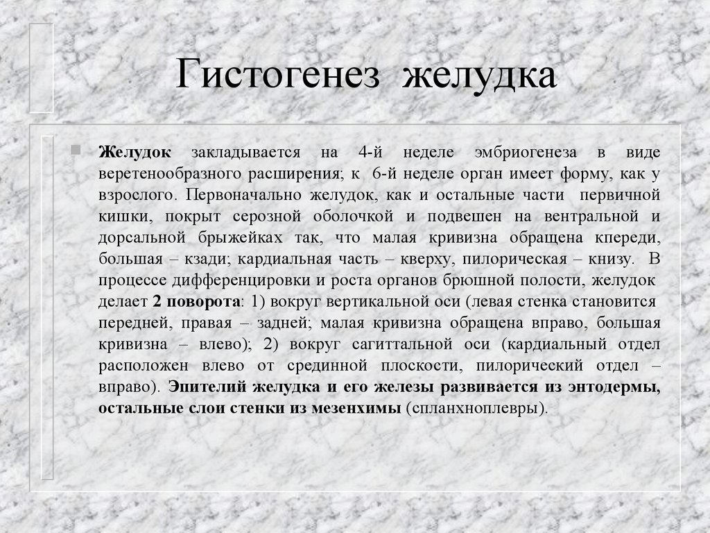 Гистогенез желудкаЖелудок закладывается на 4-й неделе эмбриогенеза в виде
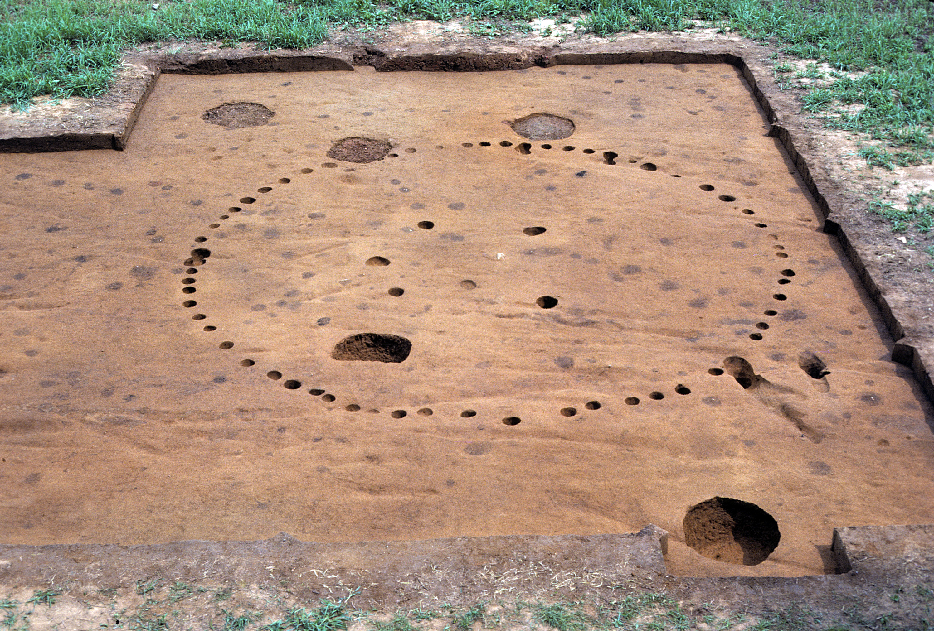 Here's the same structure after the postholes and pits have been excavated. This structure was originally a house, some 23 feet in diameter. The framework consisted of saplings, which were driven into the ground, then bent over and lashed together at the top to support the roof. The walls and roof, now gone, were probably covered with bark, woven mats, or thatch. This is the kind of house in which a family would have lived. Most of the structures at Occaneechi Town are not as well-preserved as this one.
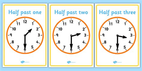 Web A Set Of A4 Posters Displaying Half Past For Each Hour Of The Day.
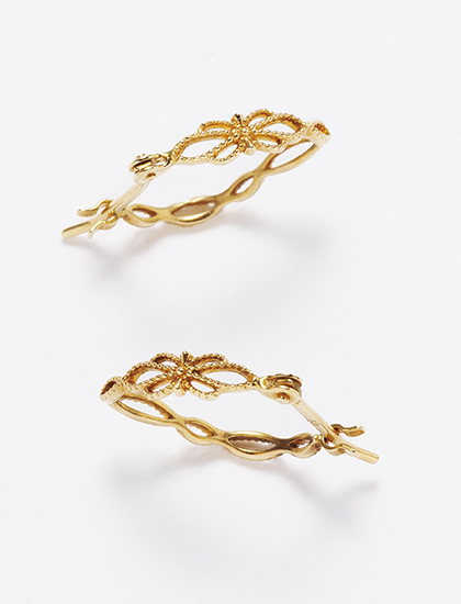 「控えめなフラワーモチーフ、華奢なボディとゴールドの上品な輝きは、華やかなのにきちんと感をキープ! オフィス用ジュエリーとしてもおすすめです。ほかのイヤーアクセサリーとも併用しやすいデザインで、コーデの幅が広がります」
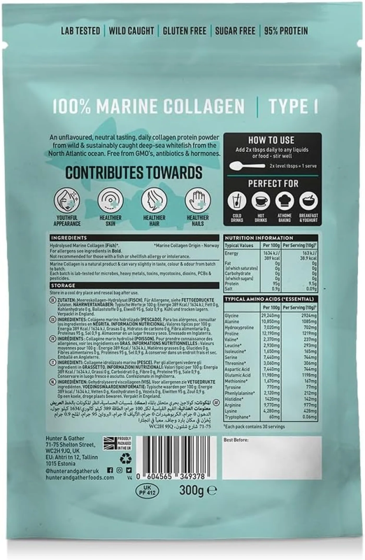 HUNTER & GATHER 100% Wild Caught Marine Collagen Beauty Support Powder - 300g
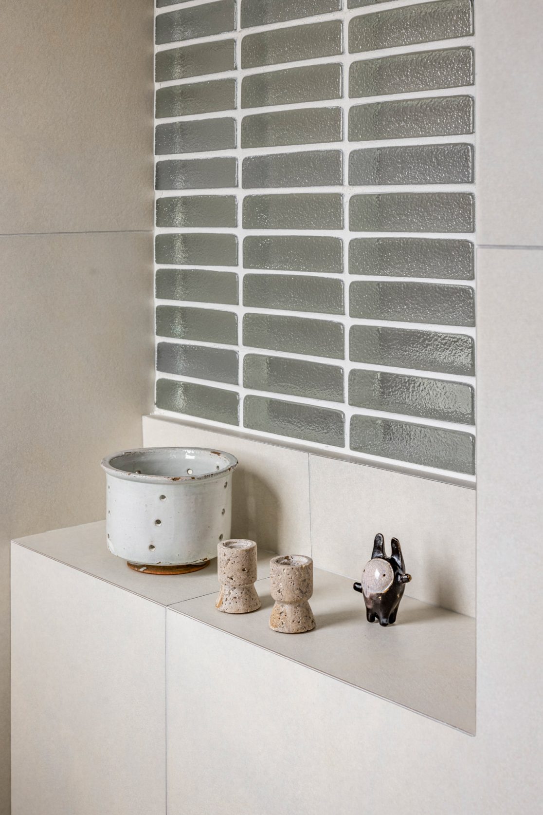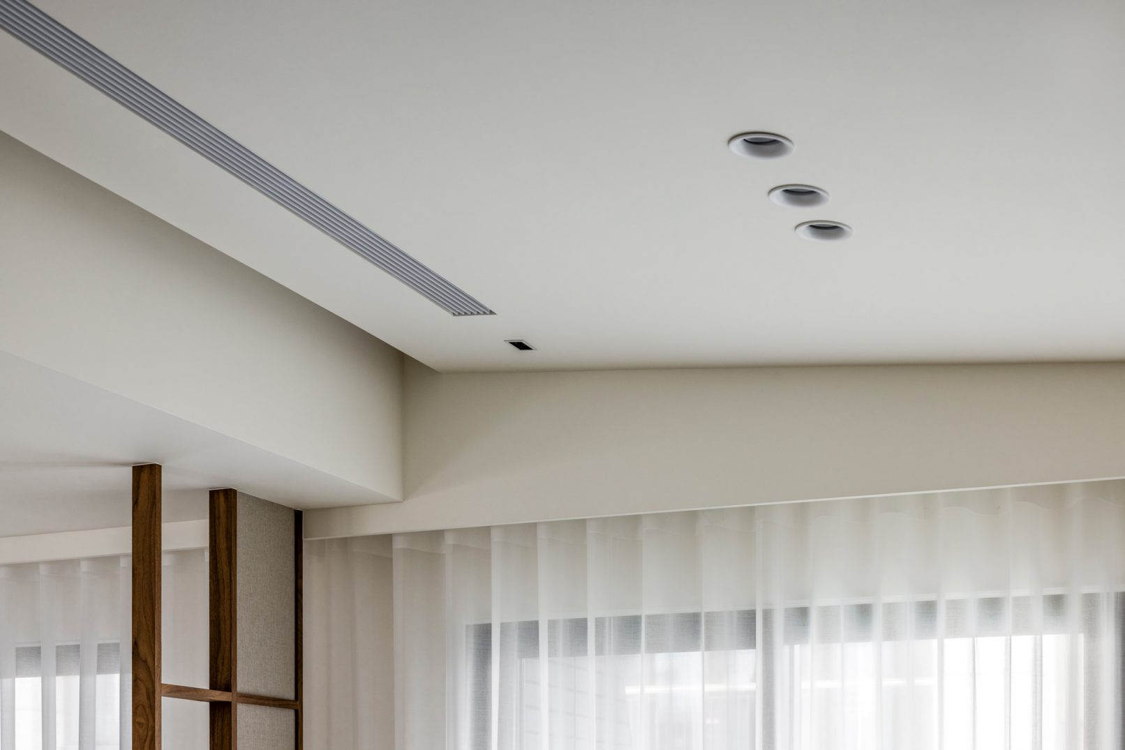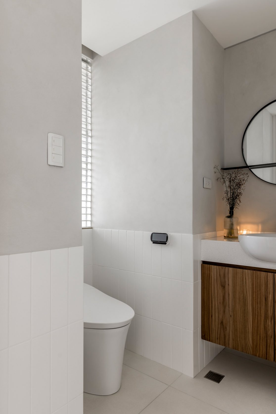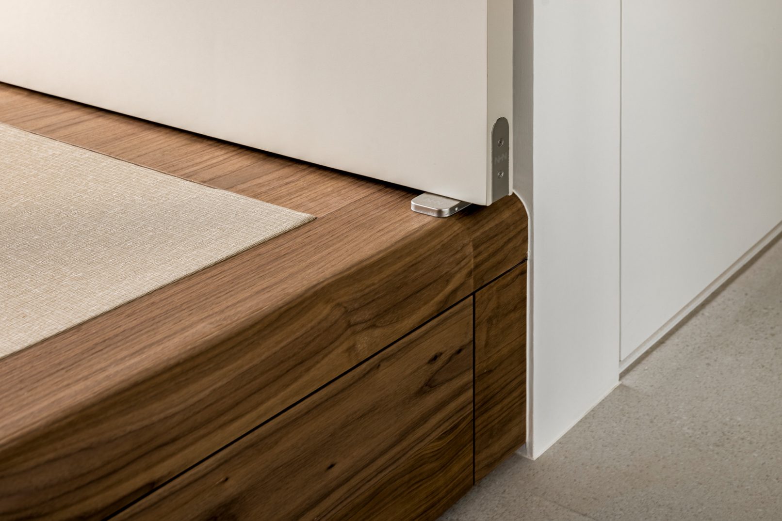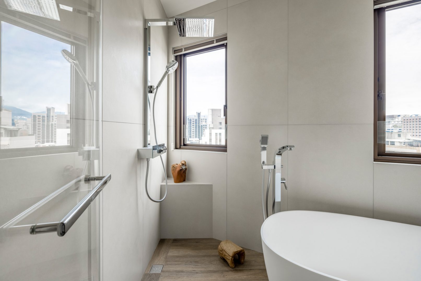預售屋時即進行客變設計,以屋主喜愛的日本文化出發規劃,重整格局。結合高樓層視野優勢,釋出原始一封閉臥室,調整為可彈性開闔的多功能景觀和室,多元使用,也讓更多採光有機會進到公共空間。廁浴則在原位進行微調,讓廁浴分離的同時,引光進廁間,並在浴室放進本來不足空間擺放的獨立浴缸。如同屋主在飲食上重視對食材的純粹,空間的材質配置,也從單純、能感受本質的基調進行,包含寬板且具倒角細節的實木地板、適合有水環境但仍有紋理的木紋磚,擁有自然觸感的天然礦物塗料、和紙席面榻榻米等。位於空間中央的大樑,透過仿若日式屋頂般的斜頂設計修飾,並藉此拉大空間感。軟裝方案則在沈穩的深色胡桃木色調中,以不同形式的典雅藍色,點綴表現屋主開朗性格。家的風景,彷彿人生縮影。品味走過的激情與悠然,越靜越緩、越輕越暖。

--*--

**Work to complete**
The required output is the exact run of lines from the start of the records through the line containing "HUNTER & GATHER", both ends included, with no pictures.

**Answer area**
 Гистогенез желудкаЖелудок закладывается на 4-й неделе эмбриогенеза в виде
 Here's the same structure after the postholes and pits have been excavated. This structure was originally a house, some 23 feet in diameter. The framework consisted of saplings, which were driven into the ground, then bent over and lashed together at the top to support the roof. The walls and roof, now gone, were probably covered with bark, woven mats, or thatch. This is the kind of house in which a family would have lived. Most of the structures at Occaneechi Town are not as well-preserved as this one.
 Web A Set Of A4 Posters Displaying Half Past For Each Hour Of The Day.
 「控えめなフラワーモチーフ、華奢なボディとゴールドの上品な輝きは、華やかなのにきちんと感をキープ! オフィス用ジュエリーとしてもおすすめです。ほかのイヤーアクセサリーとも併用しやすいデザインで、コーデの幅が広がります」
 HUNTER & GATHER 100% Wild Caught Marine Collagen Beauty Support Powder - 300g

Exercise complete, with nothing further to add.